Origins and Development
There are several distinct versions of alloy 800, which have evolved due to changes in alloying and grain size requirements, primarily driven by a means of enhancing the alloy properties. Understanding these variations is crucial when selecting the appropriate grade of 800 for an application.
The original alloy 800 was developed by Inco Alloys, now Special Metals Corporation, in the 1950s. It was created to meet the demand for a heat-resistant alloy with low nickel content, a necessity brought on by the nickel shortage during the Korean War. Before the introduction of alloy 800, the most commonly used heat-resistant alloy was alloy 600, which contained approximately 76% nickel in its composition.
Originally, alloy 800 was offered in two grades: Grade 1 and Grade 2. Grade 1 had a fine grain size and was typically annealed at approximately 1800°F. In contrast, Grade 2 underwent solution annealing at approximately 2100°F. This higher-temperature annealing process resulted in coarser grain sizes, which enhanced the alloy’s creep strength.

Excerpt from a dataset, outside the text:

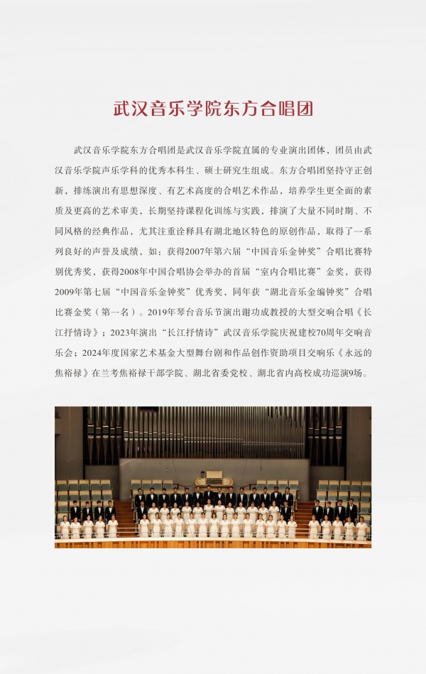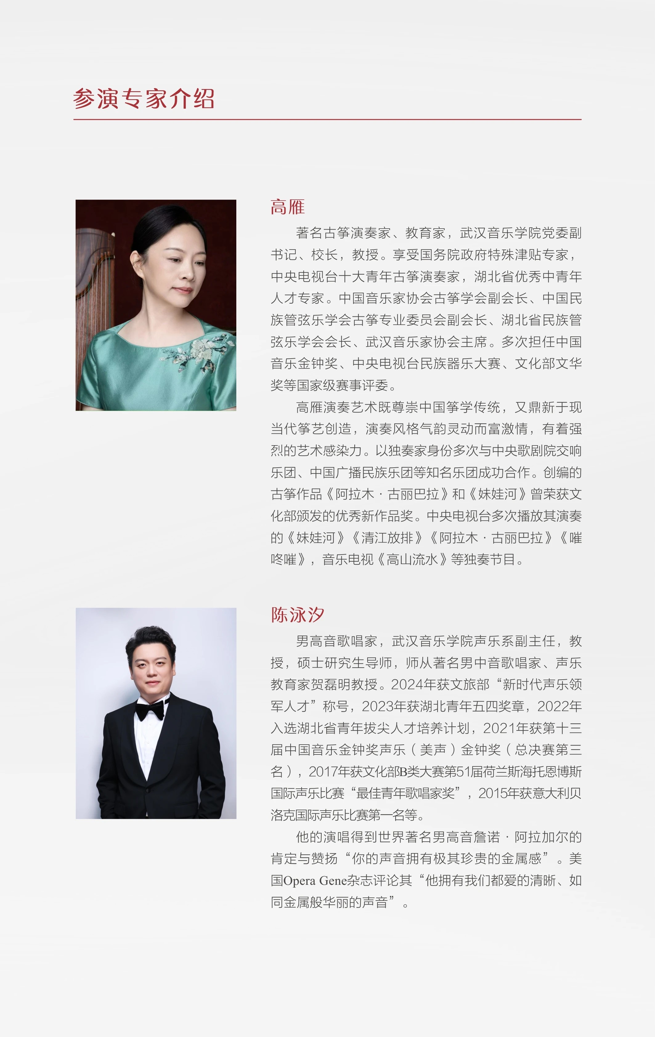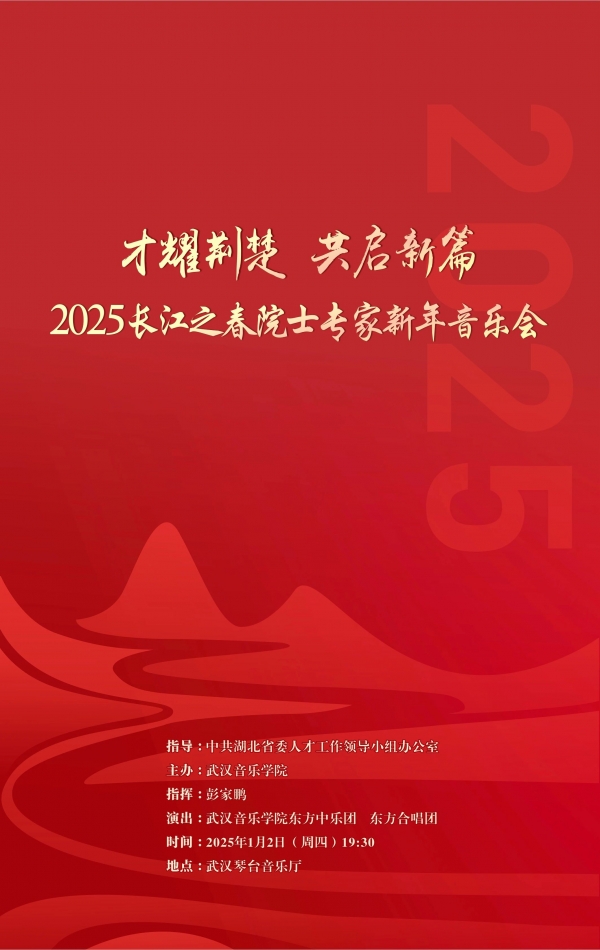 由中共湖北省委人才工作领导小组办公室指导,武汉音乐学院主办的“才耀荆楚 共启新篇”——2025长江之春院士专家新年音乐会 将于今晚19:30在武汉琴台音乐厅隆重上演。同时,本场音乐会将通过“央视频”“武音艺术实践”视频号同步直播。

In the early 1970s, Grade 2 evolved into alloy 800H, establishing a minimum carbon content of 0.05% and a grain size requirement of ASTM 5 or coarser. During the 1980s, in an effort to enhance creep strength and obtain higher ASME allowable design stresses, the carbon content was adjusted to a range of 0.06% to 0.10%, the minimum for aluminum and titanium content were increased to 0.25%, and an aluminum plus titanium content requirement was established. As a result of these changes, Inco introduced this new grade as 800HT®.
After the patent for 800HT expired, other nickel alloy manufacturers began producing 800AT, a generic version of 800HT that shares the exact Unified Numbering System (UNS) designation.
Current Industrial Use
800H/AT is a high-strength alloy commonly used in the petrochemical and refining industries for various furnace components, including furnace cracker tubes, pigtails, calciners, and other equipment requiring high creep strength. Today, 800H/AT has one of the highest creep strengths among wrought alloys and some of the highest ASME allowable design stresses for a heat-resistant wrought alloy. This alloy achieves its strength through a combination of factors that include:
- Coarse grain size resulting from a minimum solution annealing temperature of 2100°F.
- High carbon content ranging from 0.06% to 0.10%.
- Total aluminum and titanium content of 0.85% to 1.20%.
Due to its coarse grain size, 800H/AT exhibits excellent creep resistance. However, it tends to have poor resistance to thermal shock and thermal cycling. As a result, 800H/AT is primarily used in high-temperature applications where the temperature does not fluctuate significantly in a cyclic manner.
In addition to its poor thermal cyclic resistance, 800H/AT is highly susceptible to stress relaxation cracking (SRC). This vulnerability is due to its coarse grain size and the presence of fine strengthening precipitates. Based on API 942-B, the best prevention against SRC is to perform a post-weld heat treatment (PWHT) at a minimum temperature of 1625°F for 1.5 hours before a fabrication is put into service. Consequently, pressure vessels designed according to ASME Code made from Alloy 800H and/or 800HT/AT must undergo PWHT if they are to operate at temperatures exceeding 1000°F.
Commercial Availability
Today, most alloy 800 is dual certified as 800H/800AT or 800H/800HT. It is rare to find alloy 800 straight grade available in a quantity lower than that of a heat lot.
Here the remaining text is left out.